Copy everything in the data below exactly except the pictures.

**Material provided**
▼▼▼

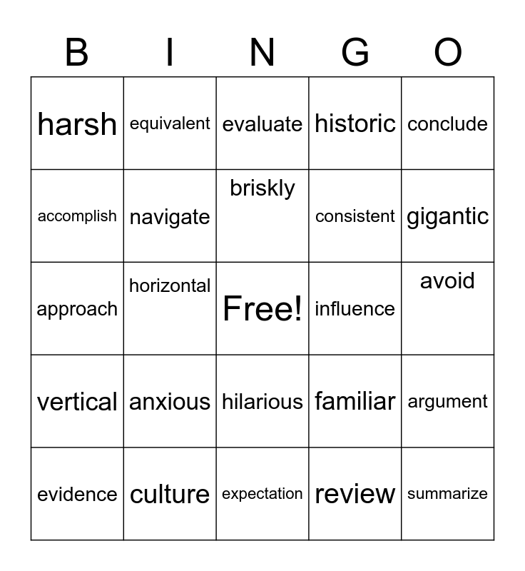 This bingo card has a free space and 24 words: anxious, culture, briskly, evidence, conclude, harsh, accomplish, equivalent, influence, hilarious, consistent, approach, familiar, argument, navigate, review, avoid, evaluate, gigantic, horizontal, summarize, vertical, historic and expectation.
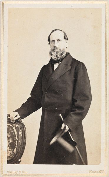 Curator: This albumen print, likely taken in the 1860s, captures the portrait of a distinguished gentleman by John and Charles Watkins. The inscription "Parliament St." suggests it was produced in their London studio. It is currently held at the Metropolitan Museum of Art. Editor: There's a melancholic air about this portrait, isn't there? The sepia tones, the slightly blurred edges—they create this impression of looking into the past, but a past tinged with a subtle sadness. I find it very affecting. Curator: Yes, the sitter’s direct gaze is engaging. There’s a certain uniformity in the clothing of the era: the dark suit, light trousers. But those full side whiskers are really interesting. They may convey status. A man of prominence signaling himself through adornment. Editor: His clothing does much of the work to shape our perception. Take away the waistcoat, the subtle chain hanging from the button, and it’s an entirely different narrative being told about status. Also, how precisely is his cane being positioned? Propped across his hand it almost comes off as a weapon to show defiance and control. Curator: That cane certainly lends to a certain persona. He possesses this sense of establishment, and even of constraint that resonates with a historical understanding of gender identity in the period. He holds it very casually. This photo almost attempts to negotiate power relationships as a symbol, or at least allude to one, but that symbolism might have also represented his position. Editor: Thinking of its semiotic structure, the albumen print itself is significant. As an early form of photographic reproduction, it was often used for portraits intended for mass circulation among family members. Curator: Right, these weren't just artworks, they were tools for maintaining connection and preserving lineage. As a photo image of a sitter they become a symbol, too, connecting one person’s lineage to the values and ethos of the society it inhabits. A very common but intimate tradition during that time. Editor: Precisely. It really goes to show how an image can become more than its subject; how it can encode and transmit meaning across generations. Curator: Definitely an experience, and the Watkins photography firm was important during that era in London. These clues create an experience when visiting an archive or museum setting and one gains deeper awareness on visual communication. Editor: Well, exploring that period and style of this composition made us consider not only what we're seeing but the whole context around it.
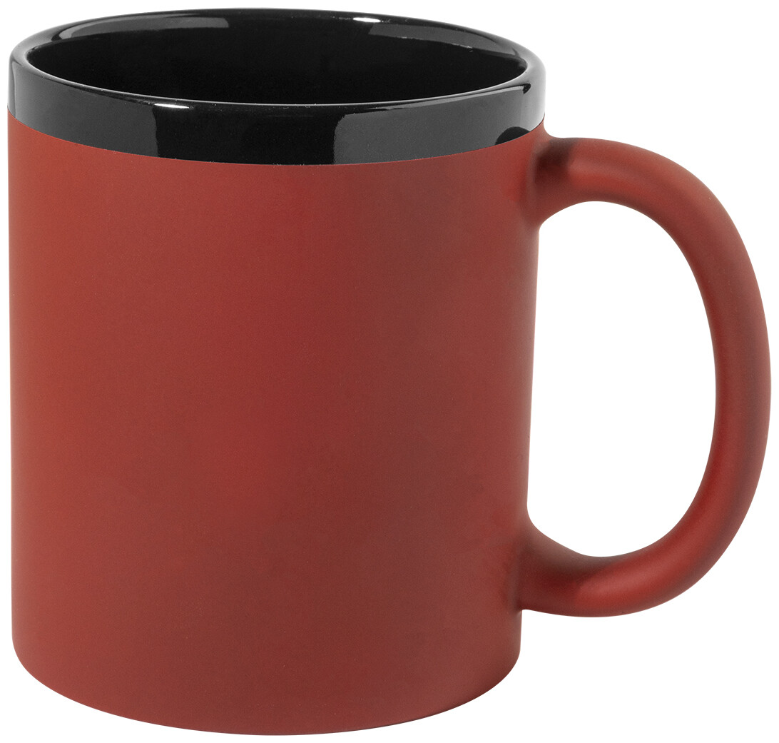 Keramický hrnek s měkkým pogumovaným povrchem a černým vnitřkem a okrajem, 300 ml. Se speciálním povrchem pro gravírování, gravírované logo ladí s barvou na vnitřní straně. V krabičce z kraftového papíru.
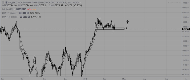 Индекс потребительского сектора без изменений. Пока цена выше уровня 5770 — отдаем предпочтение покупкам.

▲▲▲

**Solved problem**
 This bingo card has a free space and 24 words: anxious, culture, briskly, evidence, conclude, harsh, accomplish, equivalent, influence, hilarious, consistent, approach, familiar, argument, navigate, review, avoid, evaluate, gigantic, horizontal, summarize, vertical, historic and expectation.
 Curator: This albumen print, likely taken in the 1860s, captures the portrait of a distinguished gentleman by John and Charles Watkins. The inscription "Parliament St." suggests it was produced in their London studio. It is currently held at the Metropolitan Museum of Art. Editor: There's a melancholic air about this portrait, isn't there? The sepia tones, the slightly blurred edges—they create this impression of looking into the past, but a past tinged with a subtle sadness. I find it very affecting. Curator: Yes, the sitter’s direct gaze is engaging. There’s a certain uniformity in the clothing of the era: the dark suit, light trousers. But those full side whiskers are really interesting. They may convey status. A man of prominence signaling himself through adornment. Editor: His clothing does much of the work to shape our perception. Take away the waistcoat, the subtle chain hanging from the button, and it’s an entirely different narrative being told about status. Also, how precisely is his cane being positioned? Propped across his hand it almost comes off as a weapon to show defiance and control. Curator: That cane certainly lends to a certain persona. He possesses this sense of establishment, and even of constraint that resonates with a historical understanding of gender identity in the period. He holds it very casually. This photo almost attempts to negotiate power relationships as a symbol, or at least allude to one, but that symbolism might have also represented his position. Editor: Thinking of its semiotic structure, the albumen print itself is significant. As an early form of photographic reproduction, it was often used for portraits intended for mass circulation among family members. Curator: Right, these weren't just artworks, they were tools for maintaining connection and preserving lineage. As a photo image of a sitter they become a symbol, too, connecting one person’s lineage to the values and ethos of the society it inhabits. A very common but intimate tradition during that time. Editor: Precisely. It really goes to show how an image can become more than its subject; how it can encode and transmit meaning across generations. Curator: Definitely an experience, and the Watkins photography firm was important during that era in London. These clues create an experience when visiting an archive or museum setting and one gains deeper awareness on visual communication. Editor: Well, exploring that period and style of this composition made us consider not only what we're seeing but the whole context around it.
 Keramický hrnek s měkkým pogumovaným povrchem a černým vnitřkem a okrajem, 300 ml. Se speciálním povrchem pro gravírování, gravírované logo ladí s barvou na vnitřní straně. V krabičce z kraftového papíru.
 Индекс потребительского сектора без изменений. Пока цена выше уровня 5770 — отдаем предпочтение покупкам.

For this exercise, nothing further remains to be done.